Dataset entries
============================================================

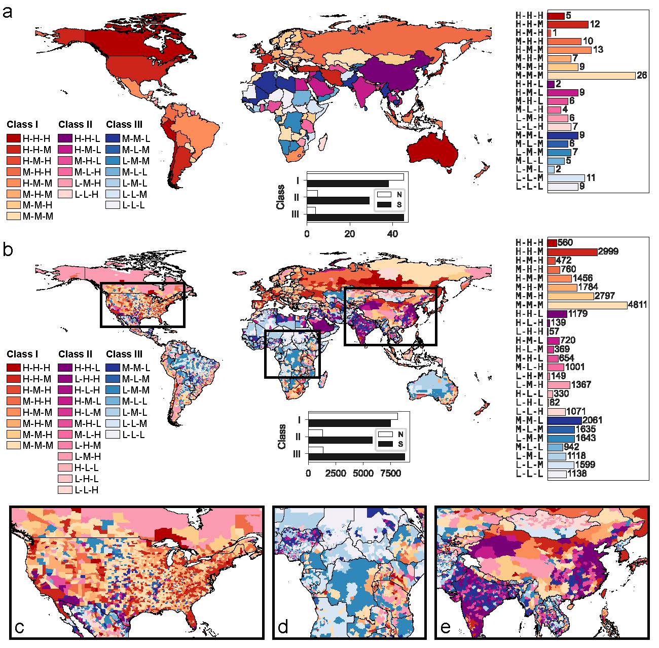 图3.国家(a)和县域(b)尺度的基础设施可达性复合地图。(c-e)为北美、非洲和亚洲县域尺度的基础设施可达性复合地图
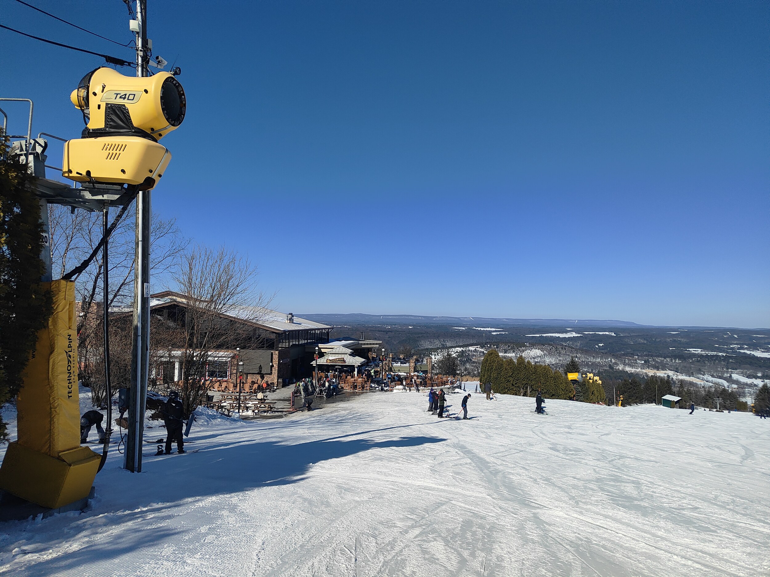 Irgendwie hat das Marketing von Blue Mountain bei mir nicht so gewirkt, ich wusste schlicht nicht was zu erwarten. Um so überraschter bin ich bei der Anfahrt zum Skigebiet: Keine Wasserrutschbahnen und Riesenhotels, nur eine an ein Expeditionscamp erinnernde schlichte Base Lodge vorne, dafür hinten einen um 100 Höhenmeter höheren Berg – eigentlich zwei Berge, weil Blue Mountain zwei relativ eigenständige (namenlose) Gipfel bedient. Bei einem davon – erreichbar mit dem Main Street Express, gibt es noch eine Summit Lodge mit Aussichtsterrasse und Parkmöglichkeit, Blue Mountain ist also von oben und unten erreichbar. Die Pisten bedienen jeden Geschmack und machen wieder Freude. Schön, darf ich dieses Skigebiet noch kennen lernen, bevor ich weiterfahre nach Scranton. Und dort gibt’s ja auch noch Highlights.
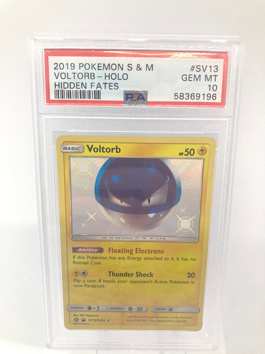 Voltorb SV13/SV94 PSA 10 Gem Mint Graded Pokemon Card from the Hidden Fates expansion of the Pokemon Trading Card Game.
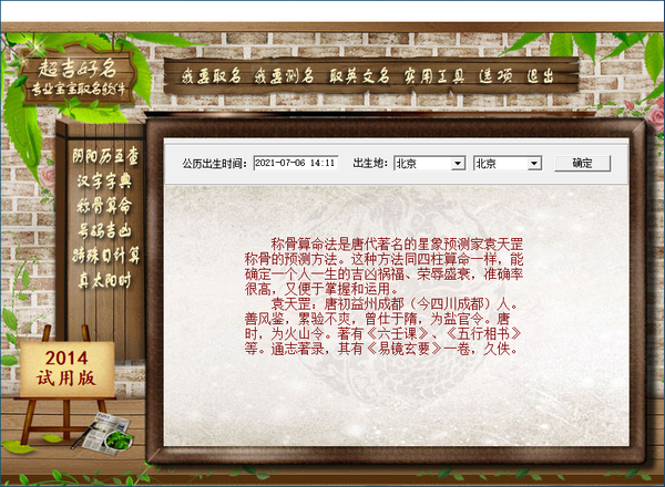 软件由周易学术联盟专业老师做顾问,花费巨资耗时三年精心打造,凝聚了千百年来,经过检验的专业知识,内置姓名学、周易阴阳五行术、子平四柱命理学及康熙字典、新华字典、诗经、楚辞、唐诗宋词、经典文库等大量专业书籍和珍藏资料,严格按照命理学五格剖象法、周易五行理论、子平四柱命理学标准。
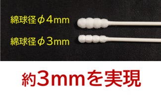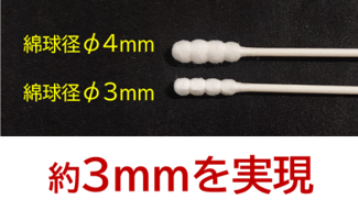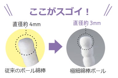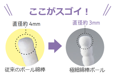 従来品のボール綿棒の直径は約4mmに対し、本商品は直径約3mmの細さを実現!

============================================================

● YOUR GOAL:
Give the data above again, exactly and completely. No pictures go in.

● EXERCISE OUTPUT:
 图3.国家(a)和县域(b)尺度的基础设施可达性复合地图。(c-e)为北美、非洲和亚洲县域尺度的基础设施可达性复合地图
 Irgendwie hat das Marketing von Blue Mountain bei mir nicht so gewirkt, ich wusste schlicht nicht was zu erwarten. Um so überraschter bin ich bei der Anfahrt zum Skigebiet: Keine Wasserrutschbahnen und Riesenhotels, nur eine an ein Expeditionscamp erinnernde schlichte Base Lodge vorne, dafür hinten einen um 100 Höhenmeter höheren Berg – eigentlich zwei Berge, weil Blue Mountain zwei relativ eigenständige (namenlose) Gipfel bedient. Bei einem davon – erreichbar mit dem Main Street Express, gibt es noch eine Summit Lodge mit Aussichtsterrasse und Parkmöglichkeit, Blue Mountain ist also von oben und unten erreichbar. Die Pisten bedienen jeden Geschmack und machen wieder Freude. Schön, darf ich dieses Skigebiet noch kennen lernen, bevor ich weiterfahre nach Scranton. Und dort gibt’s ja auch noch Highlights.
 Voltorb SV13/SV94 PSA 10 Gem Mint Graded Pokemon Card from the Hidden Fates expansion of the Pokemon Trading Card Game.
 软件由周易学术联盟专业老师做顾问,花费巨资耗时三年精心打造,凝聚了千百年来,经过检验的专业知识,内置姓名学、周易阴阳五行术、子平四柱命理学及康熙字典、新华字典、诗经、楚辞、唐诗宋词、经典文库等大量专业书籍和珍藏资料,严格按照命理学五格剖象法、周易五行理论、子平四柱命理学标准。
 従来品のボール綿棒の直径は約4mmに対し、本商品は直径約3mmの細さを実現!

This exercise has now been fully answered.